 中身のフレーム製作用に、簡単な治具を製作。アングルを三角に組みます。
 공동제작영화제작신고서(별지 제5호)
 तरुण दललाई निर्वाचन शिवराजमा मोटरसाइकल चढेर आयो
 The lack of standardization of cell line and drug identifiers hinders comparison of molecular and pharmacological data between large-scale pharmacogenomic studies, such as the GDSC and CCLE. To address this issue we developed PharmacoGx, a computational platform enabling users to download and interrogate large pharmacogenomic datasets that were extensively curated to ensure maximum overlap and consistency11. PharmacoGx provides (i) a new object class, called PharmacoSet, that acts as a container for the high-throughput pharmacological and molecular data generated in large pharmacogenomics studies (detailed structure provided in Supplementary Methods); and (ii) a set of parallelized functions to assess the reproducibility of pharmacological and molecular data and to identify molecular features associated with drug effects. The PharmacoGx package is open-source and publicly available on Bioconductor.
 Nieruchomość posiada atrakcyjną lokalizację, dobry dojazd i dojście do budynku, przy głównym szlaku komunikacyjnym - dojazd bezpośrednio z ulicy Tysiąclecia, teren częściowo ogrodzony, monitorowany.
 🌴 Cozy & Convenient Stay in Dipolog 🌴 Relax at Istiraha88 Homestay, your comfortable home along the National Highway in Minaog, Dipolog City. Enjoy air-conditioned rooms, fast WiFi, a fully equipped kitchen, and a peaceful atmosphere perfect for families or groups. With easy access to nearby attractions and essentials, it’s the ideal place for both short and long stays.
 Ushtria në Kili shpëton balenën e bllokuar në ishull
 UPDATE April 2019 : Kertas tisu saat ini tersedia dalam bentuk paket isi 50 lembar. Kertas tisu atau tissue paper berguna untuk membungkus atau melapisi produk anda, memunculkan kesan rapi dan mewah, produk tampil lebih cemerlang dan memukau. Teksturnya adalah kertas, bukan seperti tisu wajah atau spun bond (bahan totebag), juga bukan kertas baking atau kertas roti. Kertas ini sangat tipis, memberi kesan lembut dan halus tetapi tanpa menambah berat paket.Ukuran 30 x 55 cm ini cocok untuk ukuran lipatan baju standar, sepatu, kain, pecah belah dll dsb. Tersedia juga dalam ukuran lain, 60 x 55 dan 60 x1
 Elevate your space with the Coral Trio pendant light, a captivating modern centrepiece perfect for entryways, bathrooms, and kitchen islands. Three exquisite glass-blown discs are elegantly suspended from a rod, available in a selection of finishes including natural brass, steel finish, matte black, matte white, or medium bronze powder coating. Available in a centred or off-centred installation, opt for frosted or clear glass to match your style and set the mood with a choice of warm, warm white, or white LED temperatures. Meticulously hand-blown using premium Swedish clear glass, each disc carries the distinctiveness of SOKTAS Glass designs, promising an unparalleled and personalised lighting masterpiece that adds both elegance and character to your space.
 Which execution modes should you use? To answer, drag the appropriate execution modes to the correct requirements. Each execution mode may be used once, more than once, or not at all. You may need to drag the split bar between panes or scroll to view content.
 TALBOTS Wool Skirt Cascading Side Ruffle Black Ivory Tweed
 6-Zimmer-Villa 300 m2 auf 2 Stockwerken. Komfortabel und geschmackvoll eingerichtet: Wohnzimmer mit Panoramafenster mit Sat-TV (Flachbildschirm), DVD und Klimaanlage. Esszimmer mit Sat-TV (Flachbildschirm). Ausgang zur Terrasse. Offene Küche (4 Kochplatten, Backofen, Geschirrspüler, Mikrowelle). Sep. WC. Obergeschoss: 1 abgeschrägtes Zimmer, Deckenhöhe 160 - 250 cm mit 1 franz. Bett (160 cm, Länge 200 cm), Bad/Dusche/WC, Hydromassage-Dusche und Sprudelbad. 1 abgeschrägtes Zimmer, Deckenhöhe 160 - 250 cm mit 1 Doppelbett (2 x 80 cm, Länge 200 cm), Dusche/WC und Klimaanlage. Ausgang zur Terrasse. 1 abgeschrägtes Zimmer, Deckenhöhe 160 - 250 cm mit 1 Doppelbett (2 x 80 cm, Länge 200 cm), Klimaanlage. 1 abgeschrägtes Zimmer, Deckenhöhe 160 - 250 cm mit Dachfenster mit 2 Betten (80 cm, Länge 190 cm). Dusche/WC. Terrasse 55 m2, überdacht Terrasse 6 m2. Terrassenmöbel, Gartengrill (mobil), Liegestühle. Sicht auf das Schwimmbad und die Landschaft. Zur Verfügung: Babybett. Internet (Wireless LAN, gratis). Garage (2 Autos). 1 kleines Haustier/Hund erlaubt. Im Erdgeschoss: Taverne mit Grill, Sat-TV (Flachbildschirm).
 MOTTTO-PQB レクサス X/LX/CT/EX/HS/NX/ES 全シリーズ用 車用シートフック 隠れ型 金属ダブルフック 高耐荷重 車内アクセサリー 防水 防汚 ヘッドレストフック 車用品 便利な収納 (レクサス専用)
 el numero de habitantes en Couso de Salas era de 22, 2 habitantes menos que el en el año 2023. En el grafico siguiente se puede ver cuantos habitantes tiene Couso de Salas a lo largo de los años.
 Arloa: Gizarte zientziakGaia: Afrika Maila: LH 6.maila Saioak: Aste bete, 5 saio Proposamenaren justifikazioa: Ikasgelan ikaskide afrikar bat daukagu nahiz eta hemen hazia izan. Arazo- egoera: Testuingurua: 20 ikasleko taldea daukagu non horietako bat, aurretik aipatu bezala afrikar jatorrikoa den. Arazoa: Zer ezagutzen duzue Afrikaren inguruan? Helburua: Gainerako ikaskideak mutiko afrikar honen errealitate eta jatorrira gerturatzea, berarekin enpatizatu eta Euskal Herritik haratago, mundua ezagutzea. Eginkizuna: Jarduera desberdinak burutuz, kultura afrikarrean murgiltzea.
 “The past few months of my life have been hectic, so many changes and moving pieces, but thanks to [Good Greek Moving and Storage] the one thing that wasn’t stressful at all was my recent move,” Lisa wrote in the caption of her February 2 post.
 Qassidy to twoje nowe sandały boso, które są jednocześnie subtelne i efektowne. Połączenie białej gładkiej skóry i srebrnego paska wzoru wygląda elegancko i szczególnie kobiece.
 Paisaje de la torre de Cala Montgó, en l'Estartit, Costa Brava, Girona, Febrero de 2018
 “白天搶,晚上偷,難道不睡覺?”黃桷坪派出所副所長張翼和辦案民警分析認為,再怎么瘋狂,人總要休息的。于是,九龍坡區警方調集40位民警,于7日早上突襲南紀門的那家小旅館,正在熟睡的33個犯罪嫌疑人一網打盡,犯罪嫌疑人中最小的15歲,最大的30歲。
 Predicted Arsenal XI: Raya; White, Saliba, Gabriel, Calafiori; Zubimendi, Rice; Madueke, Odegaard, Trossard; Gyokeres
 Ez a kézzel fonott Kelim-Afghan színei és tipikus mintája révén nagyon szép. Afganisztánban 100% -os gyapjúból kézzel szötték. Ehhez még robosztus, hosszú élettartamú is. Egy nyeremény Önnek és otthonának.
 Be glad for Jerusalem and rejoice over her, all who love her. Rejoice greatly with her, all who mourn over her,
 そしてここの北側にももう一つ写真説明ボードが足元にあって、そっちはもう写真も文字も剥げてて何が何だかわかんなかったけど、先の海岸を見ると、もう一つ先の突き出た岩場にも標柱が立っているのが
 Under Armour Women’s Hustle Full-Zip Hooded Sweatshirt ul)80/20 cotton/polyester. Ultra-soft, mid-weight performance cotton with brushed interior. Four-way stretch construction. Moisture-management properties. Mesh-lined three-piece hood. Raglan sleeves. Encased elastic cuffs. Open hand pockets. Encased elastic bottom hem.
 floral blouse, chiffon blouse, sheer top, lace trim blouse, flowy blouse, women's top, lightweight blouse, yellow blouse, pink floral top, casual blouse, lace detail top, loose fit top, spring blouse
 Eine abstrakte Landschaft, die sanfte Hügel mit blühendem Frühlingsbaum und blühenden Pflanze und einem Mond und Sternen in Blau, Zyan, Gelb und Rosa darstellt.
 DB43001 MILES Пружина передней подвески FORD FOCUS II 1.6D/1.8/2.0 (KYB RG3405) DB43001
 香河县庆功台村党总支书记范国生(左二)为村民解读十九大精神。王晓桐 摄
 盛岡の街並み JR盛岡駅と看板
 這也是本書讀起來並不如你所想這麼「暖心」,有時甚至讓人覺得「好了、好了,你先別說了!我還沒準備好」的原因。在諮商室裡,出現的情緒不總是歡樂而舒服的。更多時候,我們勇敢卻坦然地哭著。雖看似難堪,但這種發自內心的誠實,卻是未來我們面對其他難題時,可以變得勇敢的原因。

> _Task requirements_: Taking the entries above, print exactly the lines starting at the line with "Ez a kézzel" and ending at the line with "Under Armour Women’s", both included.

> _Written answer_:
 Ez a kézzel fonott Kelim-Afghan színei és tipikus mintája révén nagyon szép. Afganisztánban 100% -os gyapjúból kézzel szötték. Ehhez még robosztus, hosszú élettartamú is. Egy nyeremény Önnek és otthonának.
 Be glad for Jerusalem and rejoice over her, all who love her. Rejoice greatly with her, all who mourn over her,
 そしてここの北側にももう一つ写真説明ボードが足元にあって、そっちはもう写真も文字も剥げてて何が何だかわかんなかったけど、先の海岸を見ると、もう一つ先の突き出た岩場にも標柱が立っているのが
 Under Armour Women’s Hustle Full-Zip Hooded Sweatshirt ul)80/20 cotton/polyester. Ultra-soft, mid-weight performance cotton with brushed interior. Four-way stretch construction. Moisture-management properties. Mesh-lined three-piece hood. Raglan sleeves. Encased elastic cuffs. Open hand pockets. Encased elastic bottom hem.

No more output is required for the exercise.